## WHAT YOU NEED TO DO
Return exactly the lines from the start of the records below through the line containing "WOWOWではプレーオフ開幕", both ends included, and leave out the pictures.

## INFORMATION GIVEN
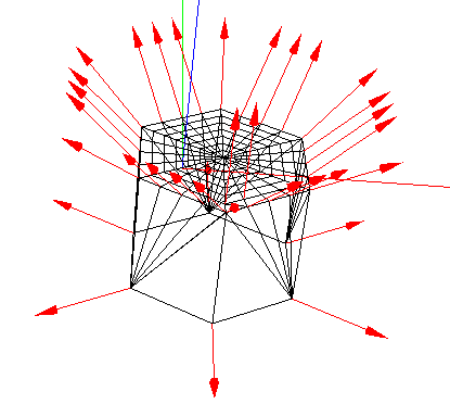 计算出的几何图形外环的顶点法线在一定程度上向外指向。这很可能是因为在computeVertexNormals()中,它们是通过平均每个相邻脸的脸法线来计算的,而模型“边”的脸法线(黑色部分)被平均为构成“帽”外环的顶点的法线计算。
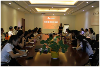 運營管理部相關負責人針對客服類課題,進行了專業(yè)的指導培訓??偣矩攧詹拷?jīng)理胡利平對營改增之后相關財務知識進行解讀。最后,副總經(jīng)理張禮輝作總結(jié)性發(fā)言,張總強調(diào):行政專員作為上傳下達的中樞性崗位,一定要提高自身專業(yè)能力,服務并指導好各自管轄的服務中心。
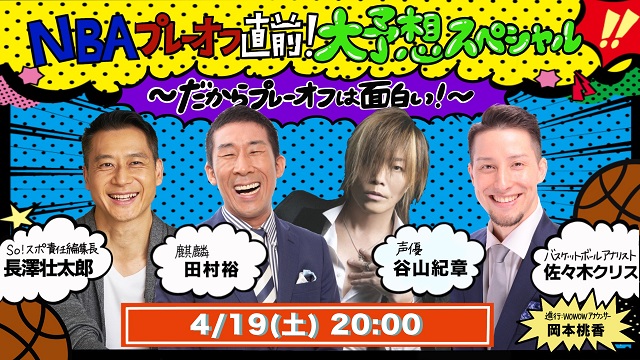 WOWOWではプレーオフ開幕に先がけて、4月19日午後8時から「NBAプレーオフ直前!大予想スペシャル!~だからプレーオフは面白い!~」をWOWOW公式YouTube、WOWOWオンデマンドで無料ライブ配信。NBAをこよなく愛するゲストとして、麒麟・田村裕、声優の谷山紀章、Soスポ! 責任編集長の長澤壮太郎、バスケットボールアナリストの佐々木クリスが出演する。出演にあたり、田村、長澤、佐々木からコメントが届いた。
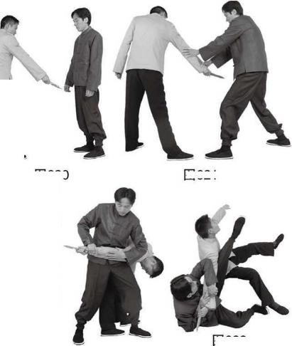 44右臂(图621),紧接着接近乙将乙右腕臂抱在胸前擒住(图622),乙右臂(图621),紧接着接近乙将乙右腕臂抱在胸前擒住(图622),乙图623图623图622图622抱臂拉摔迅抱臂拉摔迅图620图620图621图621被迫俯身欲抽脱被抱手臂甲动作不停猛抱住乙右手臂向右侧拉将乙拉摔跌倒瞬间甲侧跌于地起左腿向后扫踢乙颈部(图623)石说明被迫俯身欲抽脱被抱手臂甲动作不停猛抱住乙右手臂向右侧拉将乙拉摔跌倒瞬间甲侧跌于地起左腿向后扫踢乙颈部(图623)石说明判断凶器刺的方向和时机挡臂及时,猛扫踢颈突然。作用用于夺取反握匕首下刺腹或裆部。判断凶器刺的方向和时机挡臂及时,猛扫踢颈突然。作用用于夺取反握匕首下刺腹或裆部。
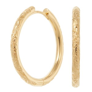 ギフト対応 素材 サージカルステンレス316L製 サイズ (外径)約25mm (厚み)約2.5mm ピアスを正面から見たときの幅:約2.5mm 内径:約20mm ポスト長さ:約6mm(有効部分) ポスト太さ:約1mm 繊細な彫刻がほど...
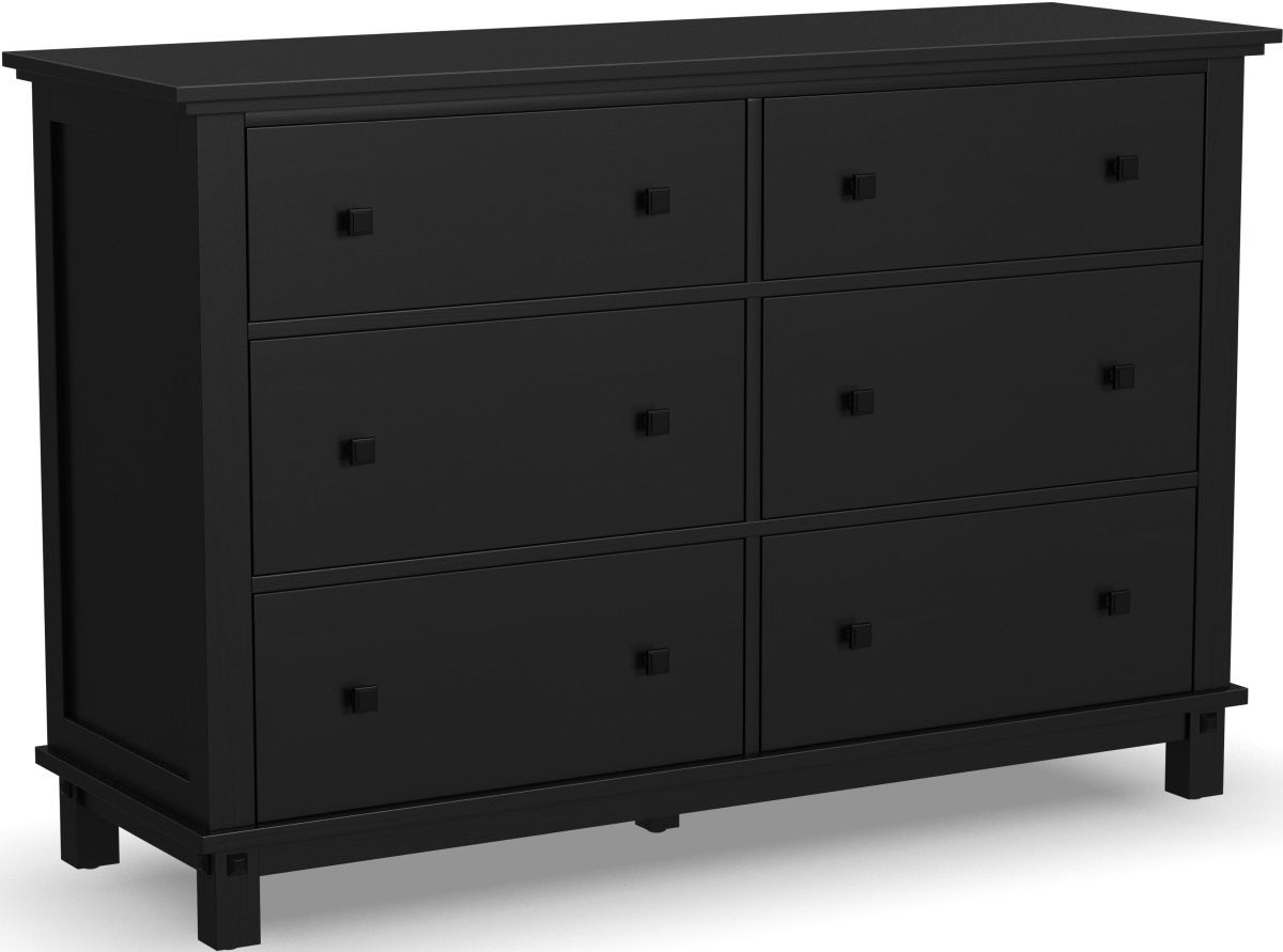 Six drawers keep your space organized and tidy, four with ample space for clothing and two smaller, felt-lined drawers for more delicate items. Elegant, square black pulls give this dresser a modern look. While the classic black, painted finish enables this dresser to pair well with many styles and décor.
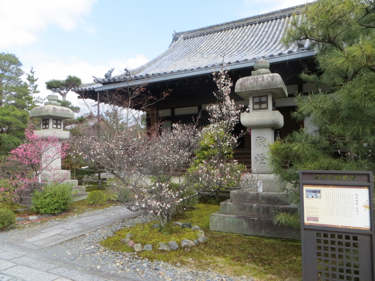 嵯峨野の清凉寺(地元民は嵯峨釈迦堂と呼びます)の境内、本堂の東にお堂(阿弥陀堂)があるのですが、平安時代にはここに源氏物語に登場する主人公・光源氏のモデルと言われる源融(みなもとのとおる)が住んでいた場所とされる・棲霞観(せいかかん)跡とのこと。説明書きを読んでしばし平安時代の面影を感じて満足。源氏物語ファンには必見です。
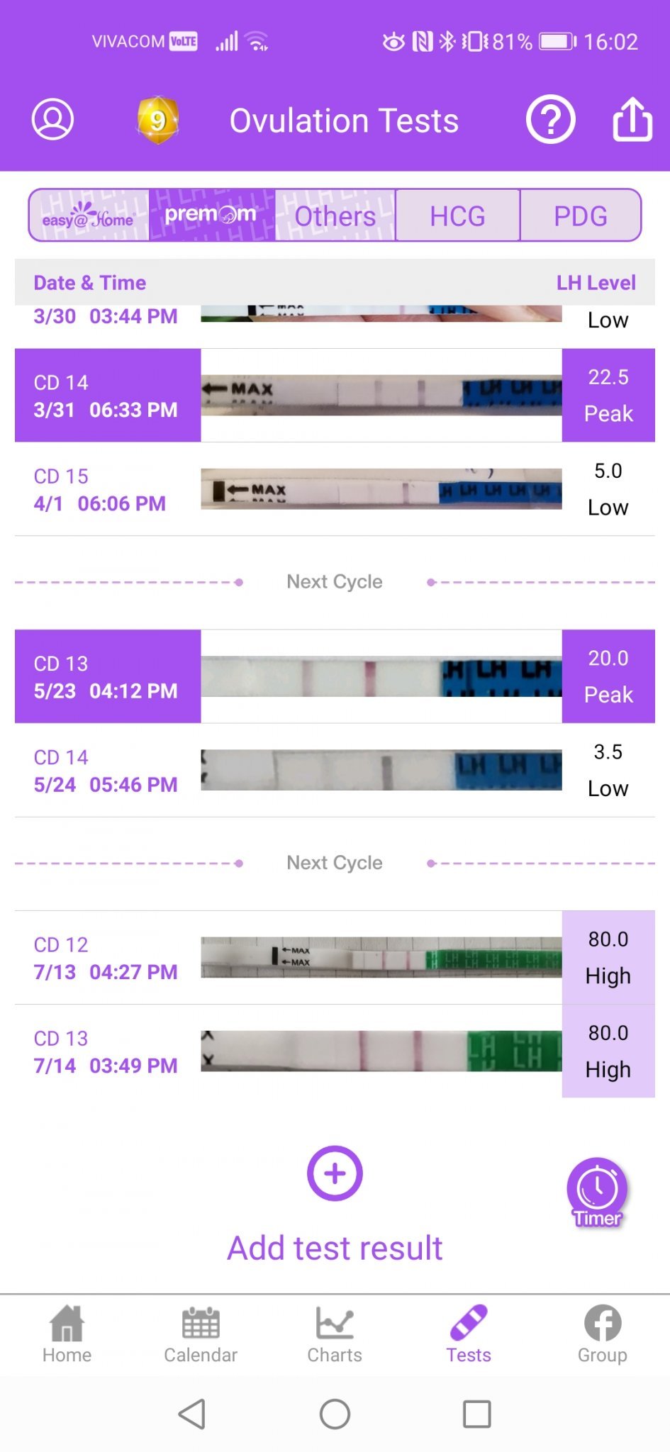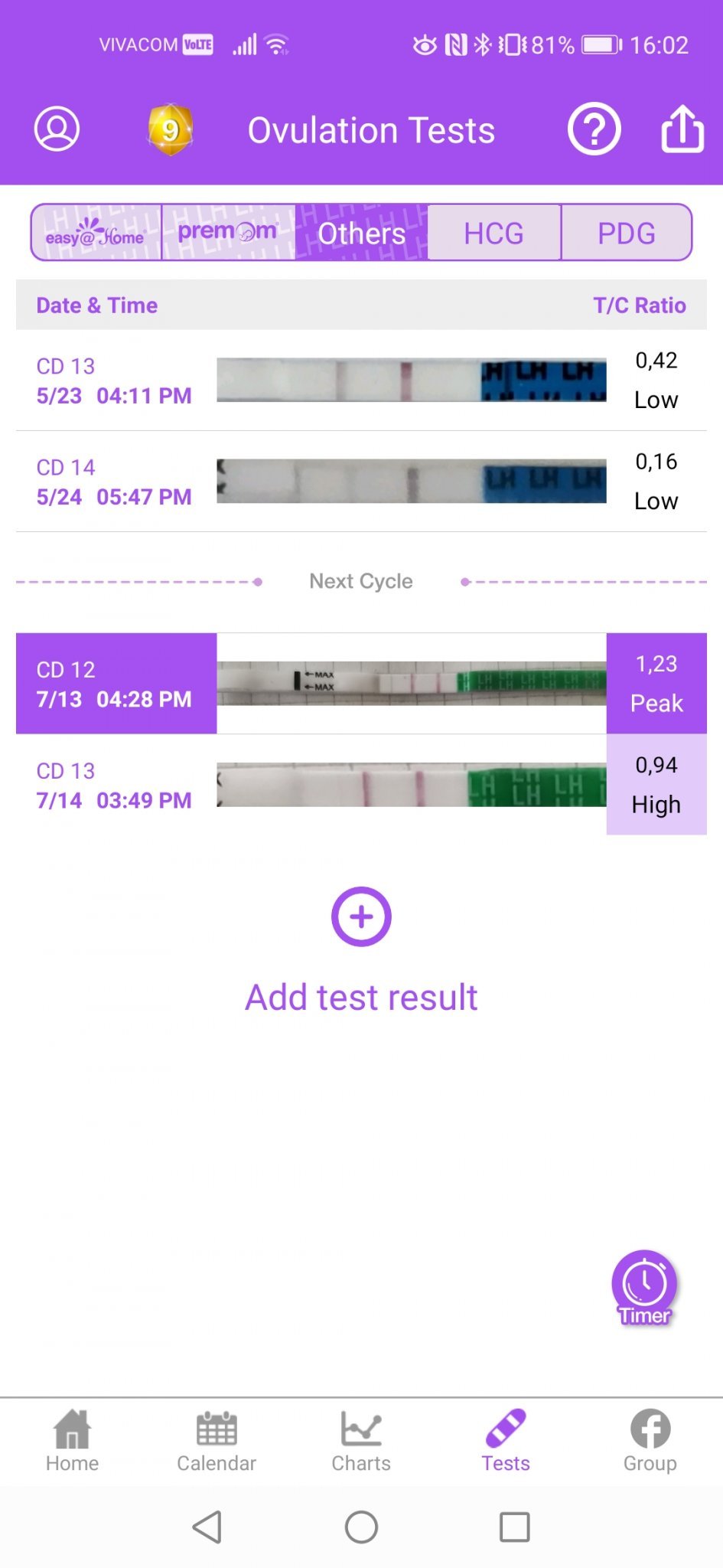 Два поредни месеца си правих тестове на Лейди тест и втората черта не ми се насищаше достатъчно, т.е. овушация според тестовете не е имало. Преди тпва следях един месец с тестовете на Oview и имах положителен тест. Този месец реших да заложа пак на Oview и ето, че имам или се доближавам до положителен тест. За мен на живо бяха еднакво наситени чертите, но и утре ще проверя дали няма да се насити тестовата повече. Та исках да наблегна, че май марката и цената на тестовете има значение. Исках да не давам по 10 лв за 5 теста, ама уви с по-евтините не успях да проследя овулацията.
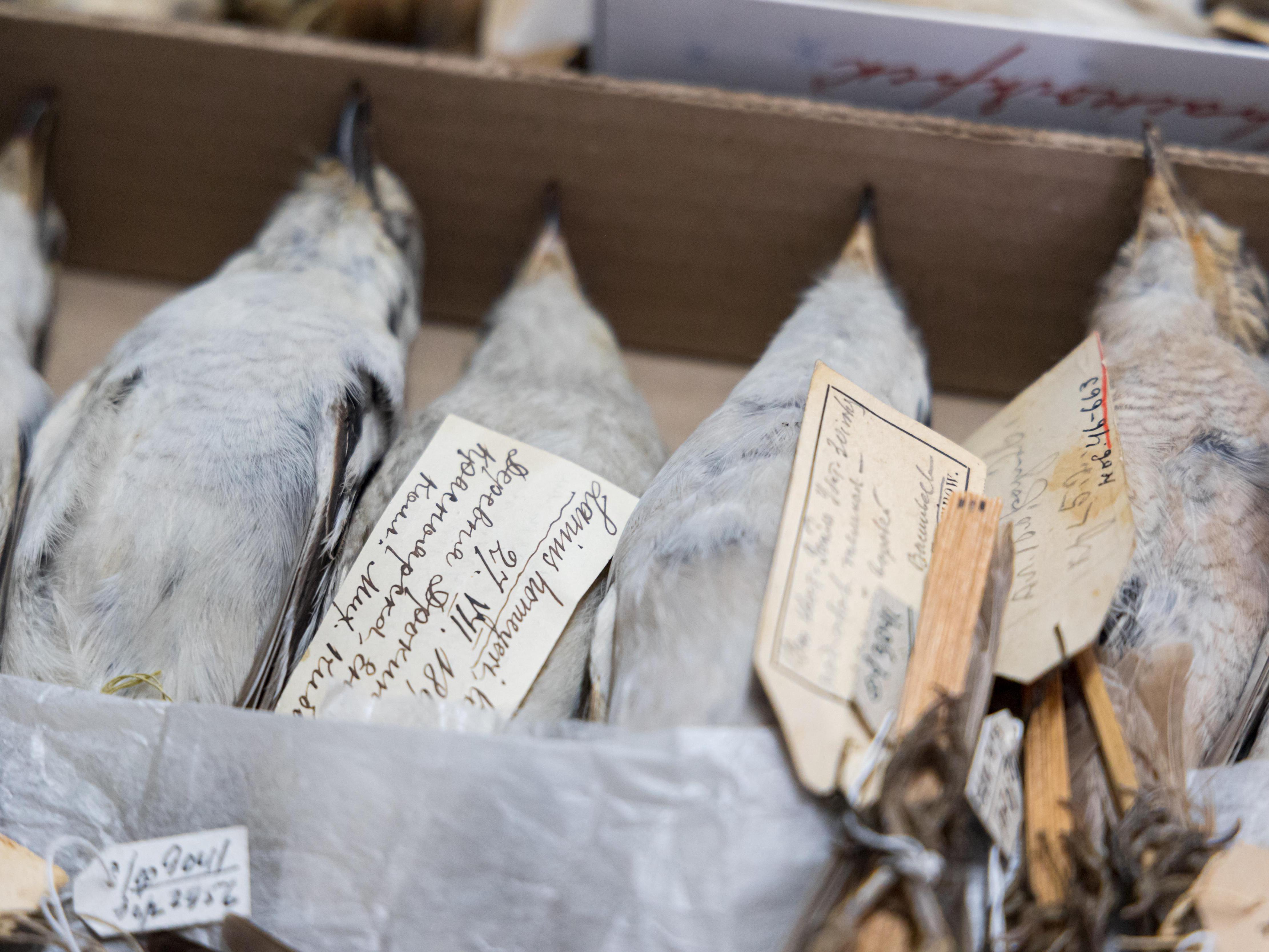 — For a long time and in different years. To not be baseless, I take any exhibit and look. Bluethroat — February 12, 1889. Here«s another — this one from the early 20th century. To accurately describe a species, a series of individuals is collected. That»s why there are so many of each.
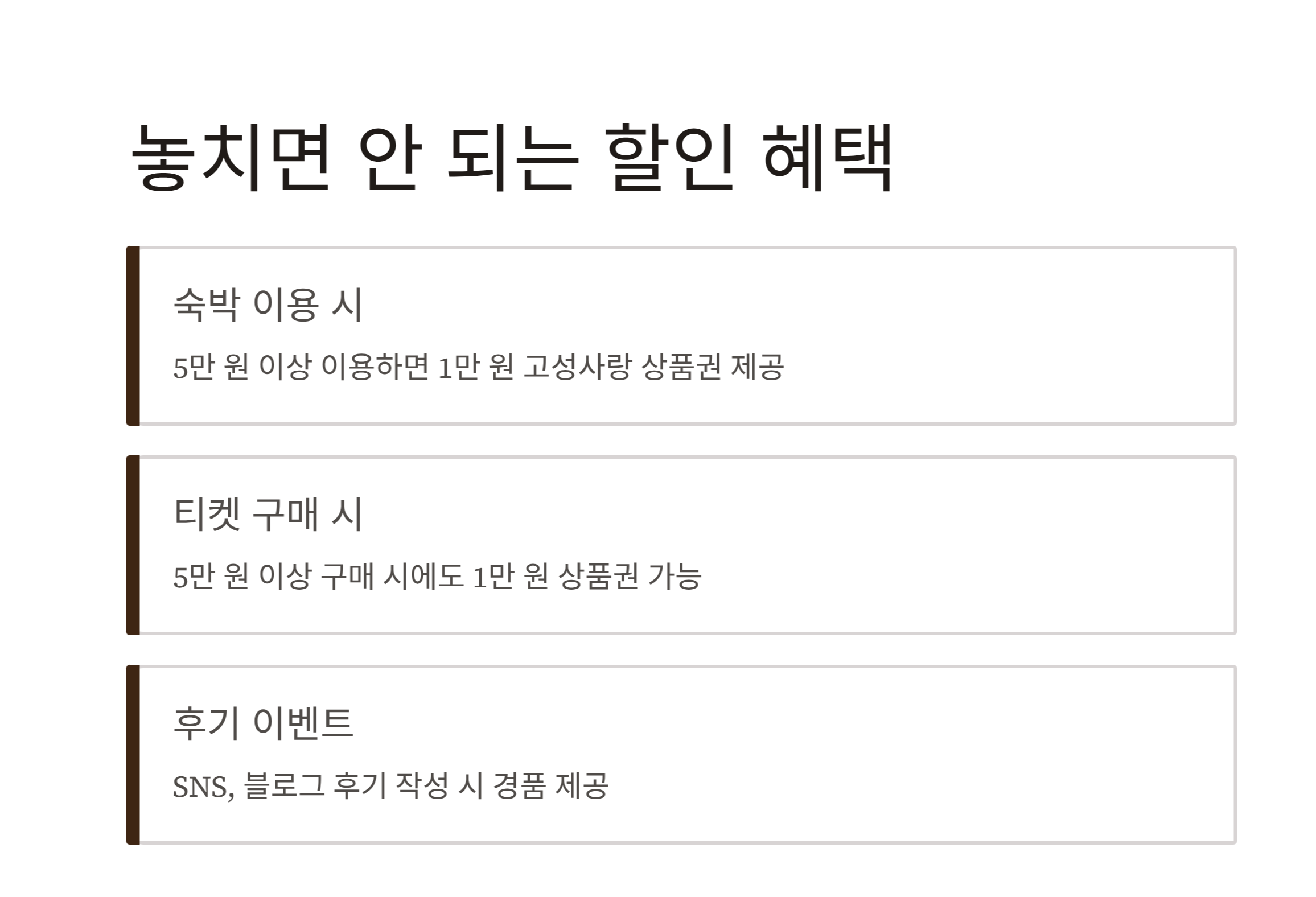 | 고성 지역 숙박 이용 시 | 숙박비 5만 원 이상 이용하면 1만 원 고성사랑 상품권 제공 (한시적인 이벤트인 것 같긴 했으나, 저희는 티켓 구입금액이 5만원 넘으니 1만원 상품권 그냥 주셨어요.) |

## WRITTEN SOLUTION
 计算出的几何图形外环的顶点法线在一定程度上向外指向。这很可能是因为在computeVertexNormals()中,它们是通过平均每个相邻脸的脸法线来计算的,而模型“边”的脸法线(黑色部分)被平均为构成“帽”外环的顶点的法线计算。
 運營管理部相關負責人針對客服類課題,進行了專業(yè)的指導培訓??偣矩攧詹拷?jīng)理胡利平對營改增之后相關財務知識進行解讀。最后,副總經(jīng)理張禮輝作總結(jié)性發(fā)言,張總強調(diào):行政專員作為上傳下達的中樞性崗位,一定要提高自身專業(yè)能力,服務并指導好各自管轄的服務中心。
 WOWOWではプレーオフ開幕に先がけて、4月19日午後8時から「NBAプレーオフ直前!大予想スペシャル!~だからプレーオフは面白い!~」をWOWOW公式YouTube、WOWOWオンデマンドで無料ライブ配信。NBAをこよなく愛するゲストとして、麒麟・田村裕、声優の谷山紀章、Soスポ! 責任編集長の長澤壮太郎、バスケットボールアナリストの佐々木クリスが出演する。出演にあたり、田村、長澤、佐々木からコメントが届いた。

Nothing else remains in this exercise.